4. Results and Discussion

4.1. Molecular geometry study

The lack of enough detailed structural data is the barrier in understanding the fundamental properties

of polymers. The oligomers in their ground state were fully optimized at B3LYP/ 6-311++G (d,p)

level of theory in gas phase, water and acetone in order to determine the geometrical parameters

namely bond lengths and bond angles [19,20]. The optimized molecular structure of the oligomer

(PEO)n=1-5 is depicted in Figure 1a-e.

Figure 1. a-e Optimized structures of polyethylene oxide (PEO) n, a (PEO)n=1, C2H6O2. b (PEO)n=2,

C4H10O3. c (PEO)n=3, C6H14O4, d (PEO)n=4, C8H18O5, e (PEO)n=5, C10H22O6, by DFT-B3LYP/6-311++G(d,p)
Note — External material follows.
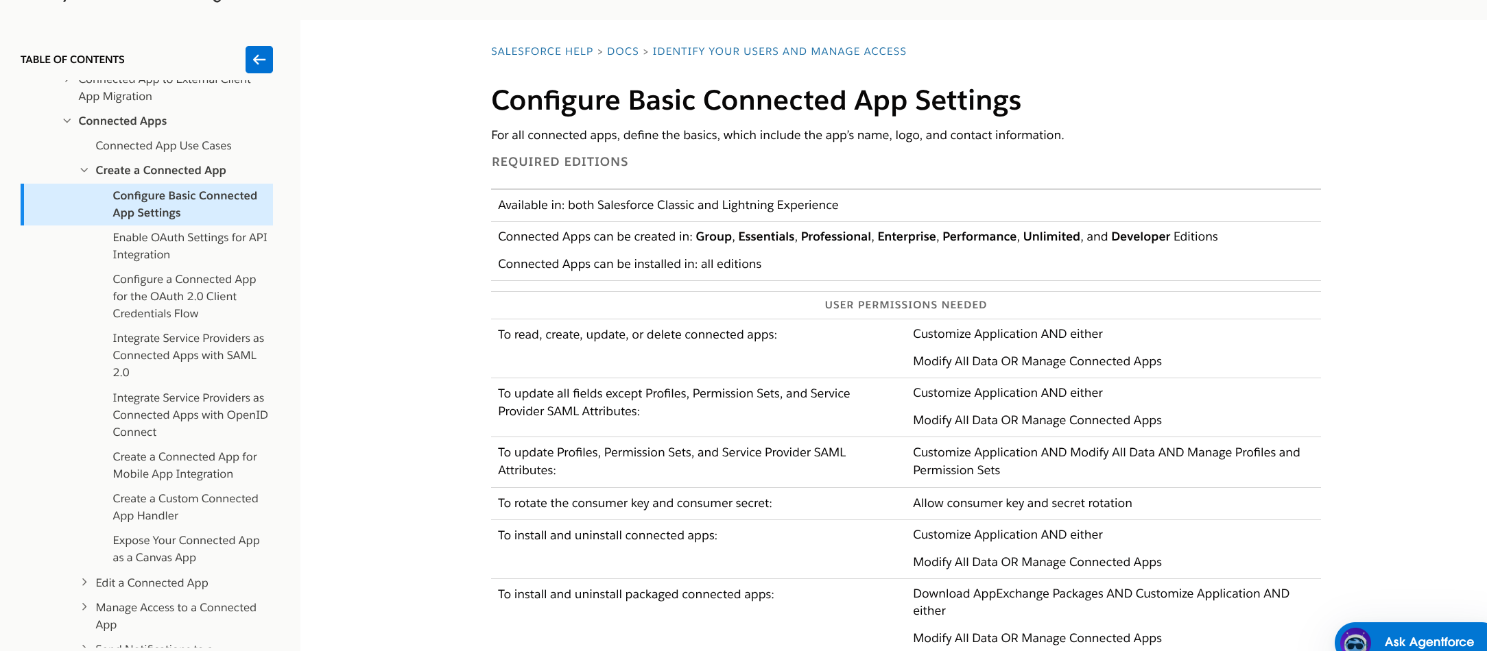 Configure Basic Connected App Settings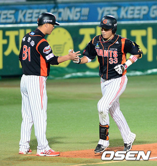 13일 오후 대구시민운동장 야구장에서 열린 2013 한국야쿠르트 세븐프로야구 삼성 라이온즈와 롯데 자이언츠의 경기, 5회초 2사에서 롯데 정훈이 좌월 솔로 홈런을 치고 3루에서 박현승 코치와 하이파이브를 하고 있다.

level of theory in (water) C atoms are shown in gray, O atoms in red and H in white

The bond lengths of atoms C-H, C-C, C-O and O-H are in the range of 1.09-1.10Å, 1.51-

1.53Å, 1.41-1.43Å and 0.96Å for (PEO)n=1-5 respectively for gas phase, water and acetone are shown

in Table 1. The bond lengths of oligomers (PEO) n=1-5 are almost same and the comparison leading to a

good match between both the solvents. The bond length provides information on the mechanical and

chemical stability of the polymer structure. The shortest bonds require more energy to break, so the

structure is difficult to degrade.

According to Table 1, the arrangement of repeated chains shows longer C-C bonds and shorter

O-H bonds. besides, the optimized bond lengths do not undergo significant variation but shows very

small and systematic deviations [21-23] with different oligomer sizes of (PEO)n, which predicts that

the fundamental structure of this polymer as their oligomer structure (PEO)n=5.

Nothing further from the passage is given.